Machine learning models are prone to overfitting. In contrast, deep learning has been extensively explored and validated for its effectiveness in heart disease diagnosis (Ahmad et al., 2023; Liu et al., 2018; Shaheen et al., 2024; Ali et al., 2020; Alqahtani et al., 2022; Medina-Inojosa et al., 2024). Ahmad et al. (Ahmad et al., 2023) proposed a hybrid deep learning model based on Bidirectional Long Short-Term Memory (BLSTM) for cardiovascular disease prediction. Recursive Feature Elimination (RFE) was employed to select optimal features. The proposed hybrid model achieved an accuracy of 94.507% and an F1-score of 94%. Liu et al. (2018) developed a CNN-RNN hybrid model, which achieved a promising F1-score of 93.6% in the early prediction of acute myocardial infarction by fusing ECG signal sequences and clinical imaging features. While the hybrid architecture validates the effectiveness of multimodal feature fusion for cardiovascular disease diagnosis, a more robust and clinically interpretable solution can be achieved by leveraging ensemble strategies combined with artificial intelligence. Ensemble models integrated with explainable technologies enable healthcare professionals to rapidly identify heart disease patients, facilitating early diagnosis and intervention to reduce cardiovascular risks.
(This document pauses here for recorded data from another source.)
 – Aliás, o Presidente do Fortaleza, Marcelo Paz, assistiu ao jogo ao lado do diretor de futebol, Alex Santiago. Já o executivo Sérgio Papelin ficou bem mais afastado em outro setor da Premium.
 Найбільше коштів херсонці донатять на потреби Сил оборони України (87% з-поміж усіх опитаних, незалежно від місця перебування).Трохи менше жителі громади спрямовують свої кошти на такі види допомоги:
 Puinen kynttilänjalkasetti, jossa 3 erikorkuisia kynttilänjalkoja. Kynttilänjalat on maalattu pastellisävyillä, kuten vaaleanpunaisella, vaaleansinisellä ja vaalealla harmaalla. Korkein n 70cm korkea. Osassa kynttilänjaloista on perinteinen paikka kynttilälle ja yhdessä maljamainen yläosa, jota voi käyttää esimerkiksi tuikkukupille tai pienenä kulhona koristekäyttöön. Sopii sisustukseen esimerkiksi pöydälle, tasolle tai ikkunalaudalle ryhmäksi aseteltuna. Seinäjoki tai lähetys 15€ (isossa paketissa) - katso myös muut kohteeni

In this manuscript, we investigate the effectiveness of various machine learning algorithms and implement different ensemble techniques to improve the accuracy of heart disease prediction. Specifically, we utilize four machine learning methods—Naive Bayes (NB) (Liu and Zhang, 2020), Categorical Boosting (CatBoost) (Zhang et al., 2020), Decision Tree (DT) (Jabeur et al., 2021), and Gradient Boosting Tree (GB) (Friedman, 2001) to train and evaluate models, derive actionable insights, visualize results, interpret outcomes using SHAP (Lundberg and Lee, 2017; Lundberg et al., 2020; Ponce-Bobadilla et al., 2024), and achieve optimal performance in heart disease prediction. Experimental results demonstrate that our proposed model achieves higher accuracy than all baseline classifiers. The following are the findings of this research:

  1. We propose a stacking ensemble model using NB, CatBoost, DT, and GB for the prediction of heart disease.

  2. We perform soft voting and compare the results with our proposed stacking model.
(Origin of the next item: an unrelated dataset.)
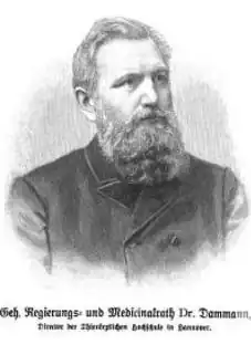 Karl Dammann studierte 1857/58 ein Semester Naturwissenschaften an der Universität Greifswald, danach 1858–1861 Tierheilkunde an der Tierarzneischule in Berlin, erlangte 1861 die tierärztliche Approbation als Tierarzt 1. Klasse.[1] Daneben belegte er an der Berliner Universität auch medizinische Fächer. 1861 bis Ostern 1863 studierte er Medizin in Greifswald, promovierte hier (ohne ärztliche Prüfung) 1862 zum Dr. med. 1863 wurde er Kreistierarzt in Cottbus und Spremberg und 1865 Dozent, ab 1869 Professor an der Landwirtschaftlichen Akademie Proskau. Nach dem Tod Moritz Fürstenbergs wurde Dammann 1873 an die Königliche Staats- und landwirtschaftliche Akademie Eldena und nach deren Auflösung 1877 an die Tierärztliche Hochschule Hannover berufen. 1881 ernannte man ihn zum Direktor der Tierarzneischule, ab 1887 Tierärztlichen Hochschule und schon 1881 zum Medizinalrat.

  3. An explainable technique, SHAP is used to understand the contribution of features in the heart disease predictions of our proposed model.

2. Methods

2.1. Base classifier

Naive Bayes (NB) Classifier operates based on Bayes’ theorem, which quantifies the probability of a class label given a set of input features. The “naive” characteristic of the algorithm stems from its core assumption: all features are conditionally independent of one another when the class label is known. The classifier first learns from labeled training data to compute prior probabilities and class-conditional probabilities. When predicting the class of a new sample, the NB classifier calculates the posterior probability of the sample belonging to each possible class using the learned probabilities, and then assigns the sample to the class with the highest posterior probability.

Decision Tree (DT) is a tree-like structure that embodies a sequential decision-making process. It starts with a root node, and recursive partitioning proceeds until all training samples within a node belong to the same class. There are various types of DTs, including ID3, C4.5, ID5.0, and CART, each based on different attribute selection criteria. A key challenge in DT construction is determining the optimal attribute for both the root node and its sub-nodes. ID3 is one of the most widely used DT variants, which employs Information Gain (IG)—a metric derived from the concept of entropy—as its attribute selection measure.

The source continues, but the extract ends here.